[Your objective]
Word for word, please restate each record and pass over the pictures.

[Dataset records]

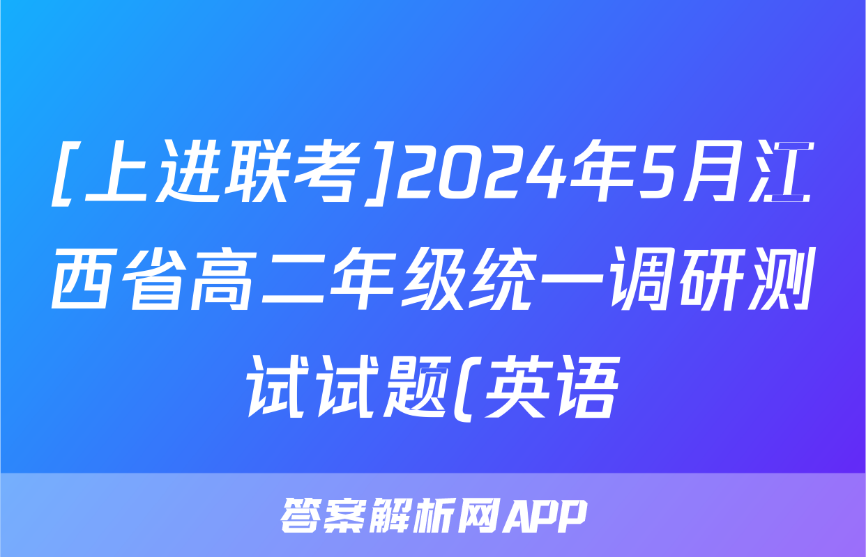 [上进联考]2024年5月江西省高二年级统一调研测试试题(英语)正在持续更新,目前2026届黄冈八模答案网为大家整理了相关试题及答案,供大家查缺补漏,高效提升成绩。
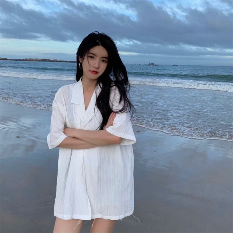 トップス 半袖 シャツ ブラウス スーツカラー フロントボタン ワンボタン 夏 薄い 新作 ゆったり ミドルロング丈 洋風 シック 羽織物 プリーツ加工 楊柳 ビッグサイズ 韓国 ルーズ しなやか エイジレス 足長効果 モデルライク 大人女子 レディース オシャレ シック 細見え おしゃれ ファッショナブル スマート見え スッキリ見え 体型カバー 華奢見え ヤセ見え サマ見え こなれ感 ワンサイズ ホワイト ブラック | Bonny Me
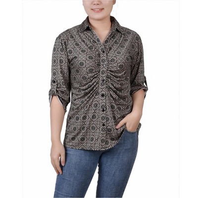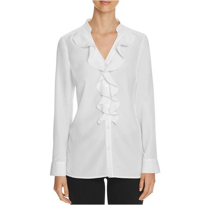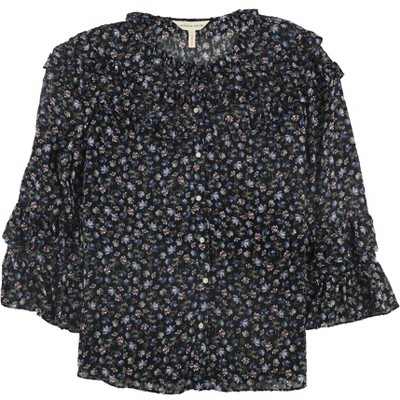 Allegra K Women's Peter Pan Collar Textured Stars Button Down Ruffle Top
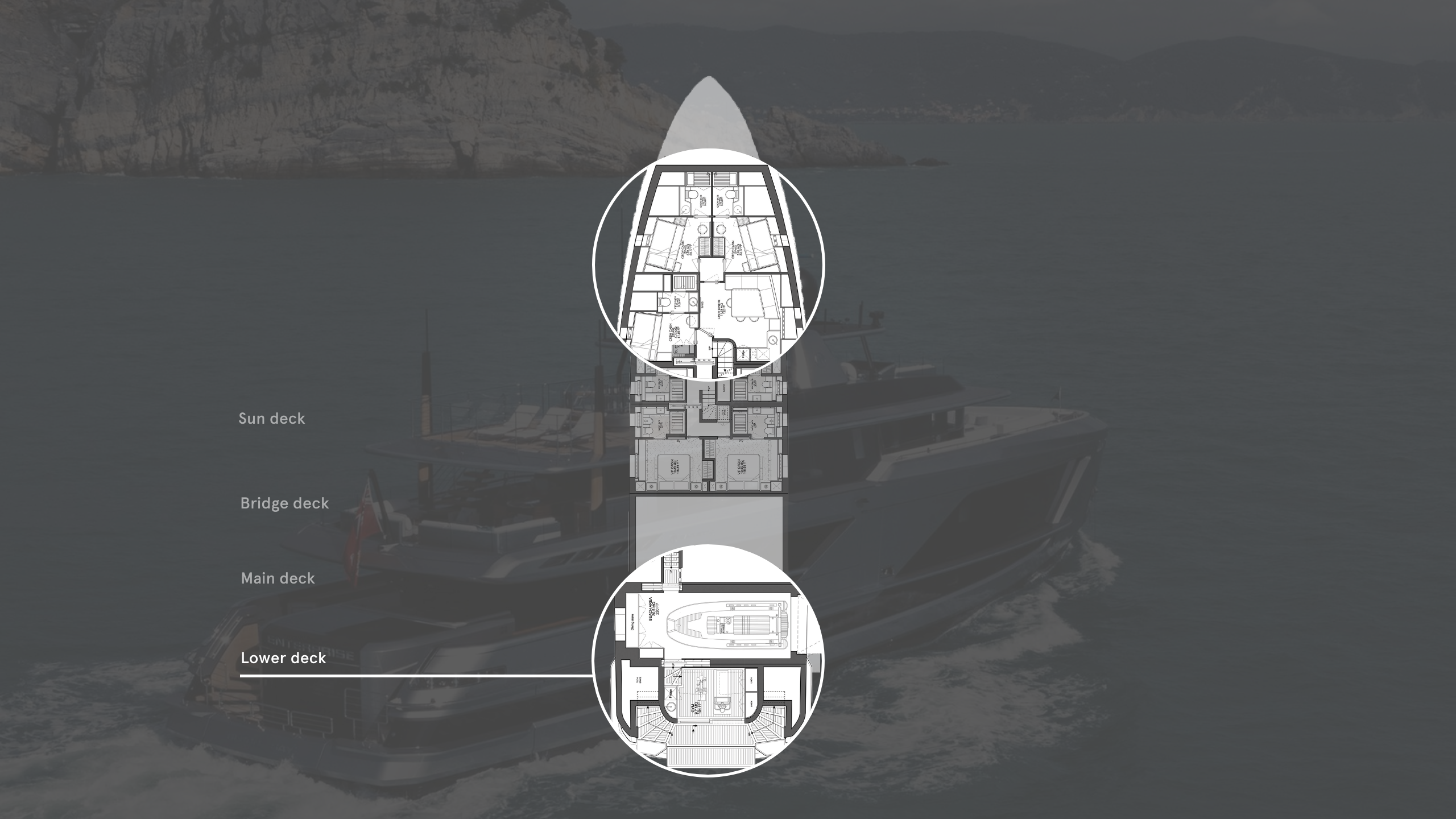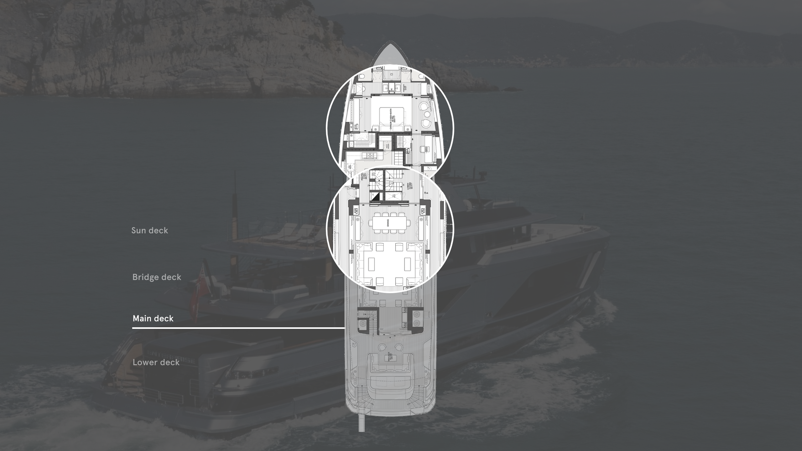 Another feature that Enterprise shares with a larger yacht, according to the hyper-involved Meshoulam, is the galley. It fills a generous 14.2 square metres and boasts three fridges and freezers, including a large walk-in cold store that fits into a well-insulated space between the galley and the owner’s cabin. There are twin dishwashers, a dumb-waiter system connecting all decks and an oven/hob unit that would look thoroughly at home in a restaurant kitchen. “They like very healthy food,” Meshoulam says. “The owner also plans to have lots of parties on board, so the dumb waiter goes right to the sundeck and the galley has fully automatic doors.”
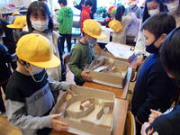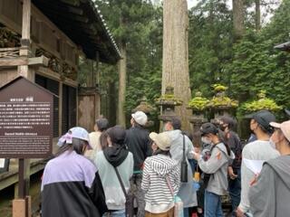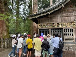 東照宮で歴史の学習です。「見ざる・言わざる・聞かざる」東照宮の三猿です。どんな意味があり,どんな思いがこめられて作られたのかな?子どもたちは,想像をふくらませメモをとりながら見学しています。
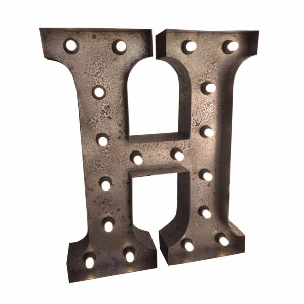 Marquee Light in rust vintage finish. Comes with LED globes.
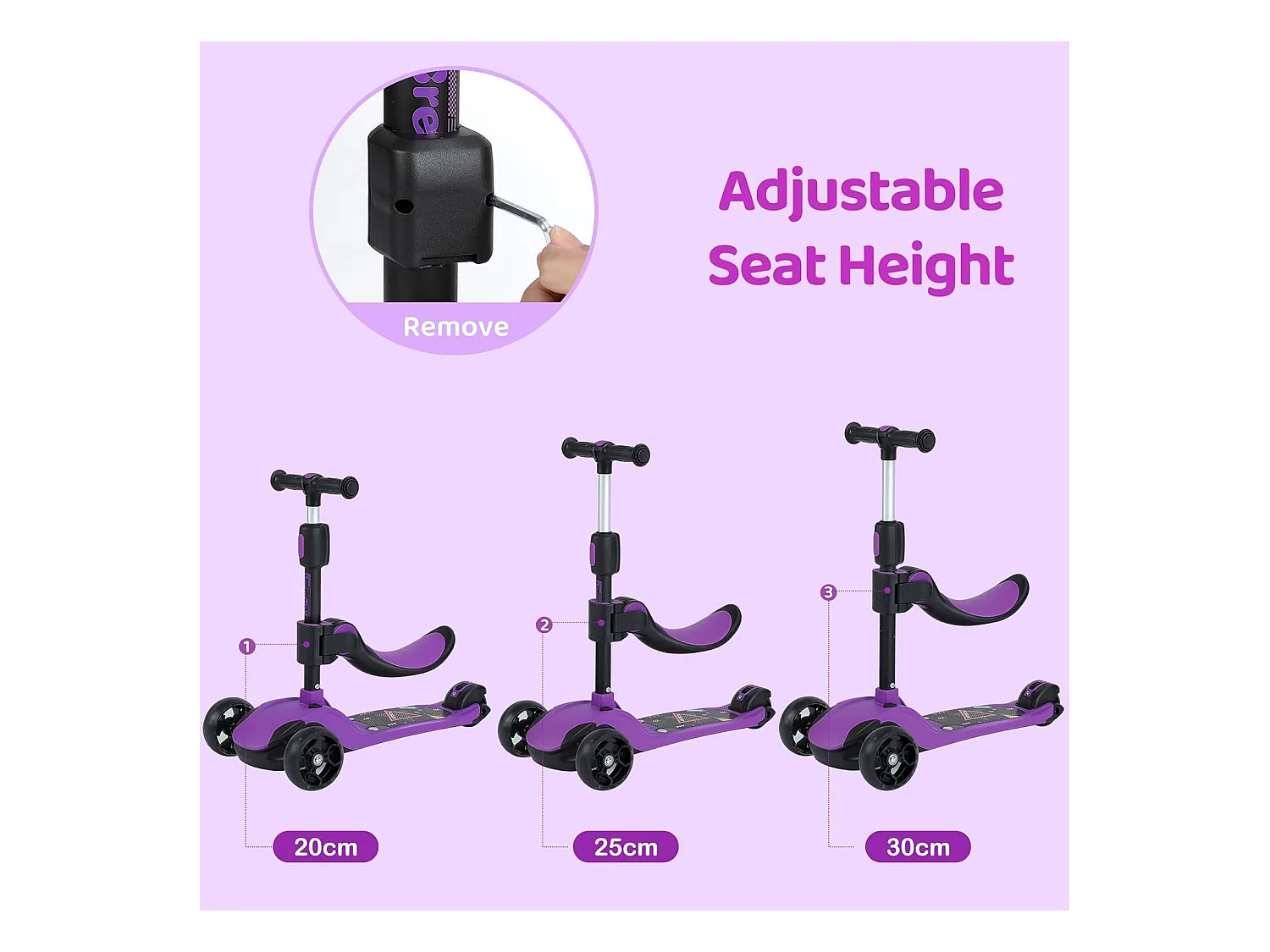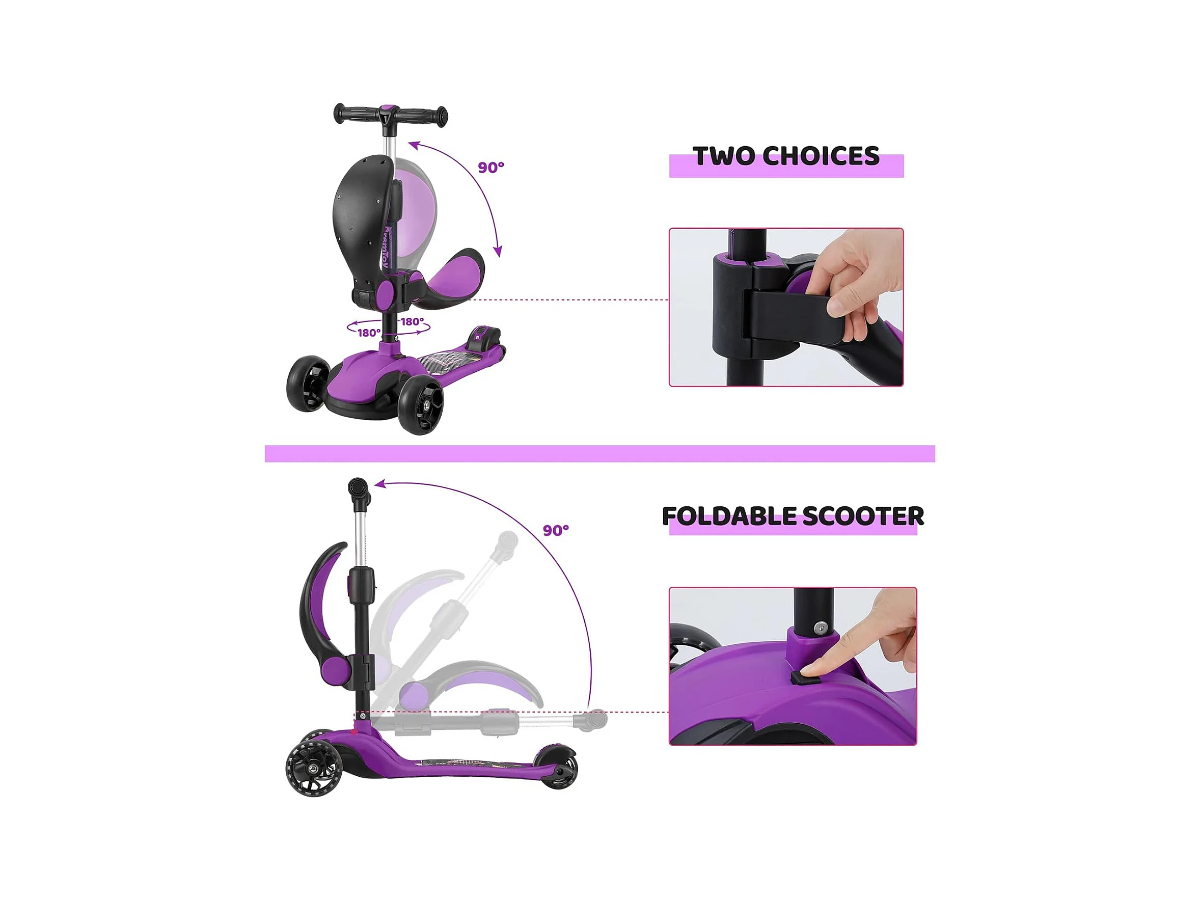 Trottinette 3-en-1 pour Enfant avec Siège Amovible, Grandes Roues LED, Réglable en Hauteur à partir de 2 Ans, rose

[Solution for this exercise]
 [上进联考]2024年5月江西省高二年级统一调研测试试题(英语)正在持续更新,目前2026届黄冈八模答案网为大家整理了相关试题及答案,供大家查缺补漏,高效提升成绩。
 トップス 半袖 シャツ ブラウス スーツカラー フロントボタン ワンボタン 夏 薄い 新作 ゆったり ミドルロング丈 洋風 シック 羽織物 プリーツ加工 楊柳 ビッグサイズ 韓国 ルーズ しなやか エイジレス 足長効果 モデルライク 大人女子 レディース オシャレ シック 細見え おしゃれ ファッショナブル スマート見え スッキリ見え 体型カバー 華奢見え ヤセ見え サマ見え こなれ感 ワンサイズ ホワイト ブラック | Bonny Me
 Allegra K Women's Peter Pan Collar Textured Stars Button Down Ruffle Top
 Another feature that Enterprise shares with a larger yacht, according to the hyper-involved Meshoulam, is the galley. It fills a generous 14.2 square metres and boasts three fridges and freezers, including a large walk-in cold store that fits into a well-insulated space between the galley and the owner’s cabin. There are twin dishwashers, a dumb-waiter system connecting all decks and an oven/hob unit that would look thoroughly at home in a restaurant kitchen. “They like very healthy food,” Meshoulam says. “The owner also plans to have lots of parties on board, so the dumb waiter goes right to the sundeck and the galley has fully automatic doors.”
 東照宮で歴史の学習です。「見ざる・言わざる・聞かざる」東照宮の三猿です。どんな意味があり,どんな思いがこめられて作られたのかな?子どもたちは,想像をふくらませメモをとりながら見学しています。
 Marquee Light in rust vintage finish. Comes with LED globes.
 Trottinette 3-en-1 pour Enfant avec Siège Amovible, Grandes Roues LED, Réglable en Hauteur à partir de 2 Ans, rose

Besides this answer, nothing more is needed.